From: John Morrison (jmorrison_at_ahc.net.au)
Date: 2002-02-28 10:54:04
DOUG,
I KNOW OO !!!!!!!!!!
I've just spent 3 years at University an almost everything taught is OO.
:-)
But I do like your explanation!
> Apply these concepts of inheritance, encapsulation, and
> polymorphism to EEG. Think entities and relationships first.
> We have sensors, filters, displays, users, configurations,
> etc. Most of these can and will exists in heirarchies of
> supertypes and sub-types. If we think carefully on this we
> can come up with just a dozen or so objects. Then we work
> on methods, for both the super and sub types. From there
> we examine the relationships and figure out how to apply
> design patterns like MVC for event handling. My proposal
> then is not to think about EEG data and EEG functions,
> instead we should be thinking about sensor entities and
> entities that relate to sensors. We could break this down
> functionally, and componentization would probably do that,
> but I'm a proponent of OO, an if we don't do OO then I
> will do it anyways.
OO All the way!
> Now, let's go back to your question, you said that when
> you compile C++ you get an .EXE (executable). All native
> code compilation involves two steps, creation of an
> object module, then linking to a loadable or executable.
> When you compile a C program, it creates .o files first
> (object modules) and the final link creates the end
> result, often an single executable as you say. But there
> are different kinds of linking: static and and dynamic.
>
> Static linking goes out into the libraries referenced
> and copies the code into the executable. Dynamic linking
> does NOT copy the code, it refers a shared library. A
> statically linked program is self-contained, it needs
> nothing else, and chews a lot of ram in the process.
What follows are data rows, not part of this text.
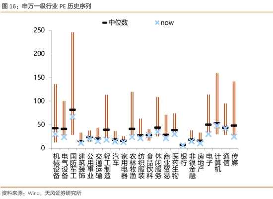 從PE歷史序列來看(除周期),目前各行業(yè)估值均低于12年以來中位數(shù)。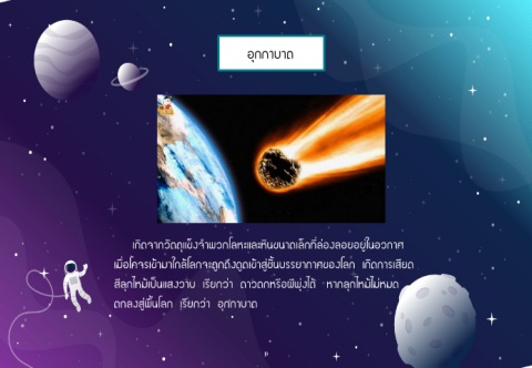 อุกกาบาต เกิดจากวัตถุแข็งจําพวกโลหะและหินขนาดเล็กที่ลองลอยอยูในอวกาศ เมื่อโคจรเขามาใกลโลกจะถูกดึงดูดเขาสูชั้นบรรยากาศของโลก เกิดการเสียด สีลุกไหมเปนแสงวาบ เรียกวา ดาวตกหรือผีพุงไต หากลุกไหมไมหมด ตกลงสูพื้นโลก เรียกวา อุกกาบาต 19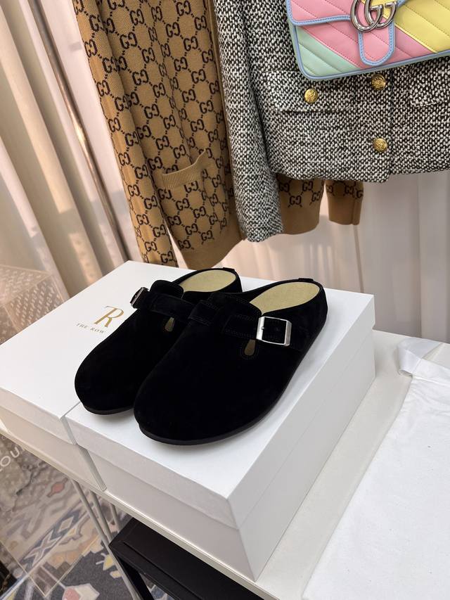 / The Row 24新款包头拖 勃肯拖 复古味随意搭配都好看 一贯极简风格 没有任何logo点缀 简单即是高级 这款绝对是时髦女性的必备单品 鞋面 牛反绒1:1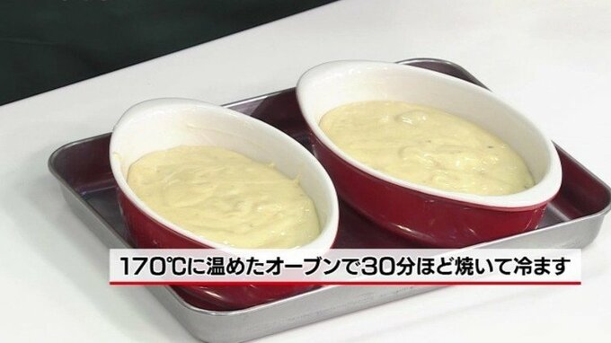 6.1のグラタン皿に4の生地を流し入れ、170℃のオーブンで30分ほど焼いて冷ます。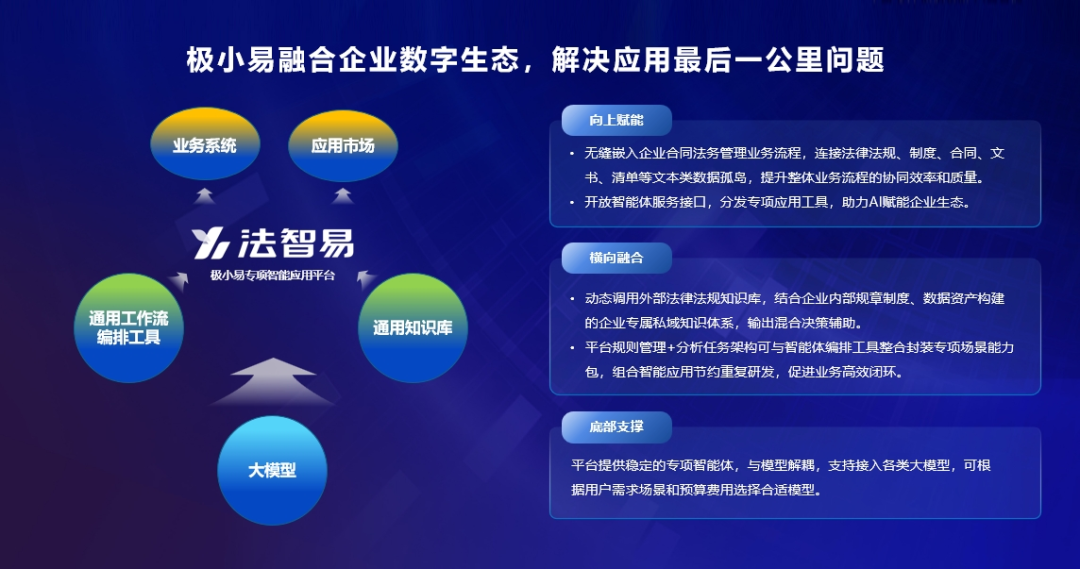 「极小易」企业合规专项智能体驱动企业合规迈入智能时代,面对日益复杂的法规环境和不断攀升的合规风险,「极小易」智能体应运而生,它是国内首个专注企业合规场景的智能体,集成“通用工具、智能审查、智能分析、知识应用”四大能力,其以“极小、极专、极简、极安”四大特性,深度融合百亿级参数大模型技术,直击企业合规管理痛点,打造轻量化、高价值的合规智能引擎,解决合规智能应用“最后一公里”难题。

> A dynamically linked program will resolve the symbol
> table at RUNTIME and load the necessary code ON DEMAND
> from shared libraries. So we DON'T end up with one big
> honking huge memory hog executable, we create a small
> main program, we create shared libraries, and the C++
> program loads only what it needs on the fly. The only
> COST is disk space, and this won't be a huge system.
I'm not sure how this allows us to add new classes/objects, but don't care
right now lets get this show on the road!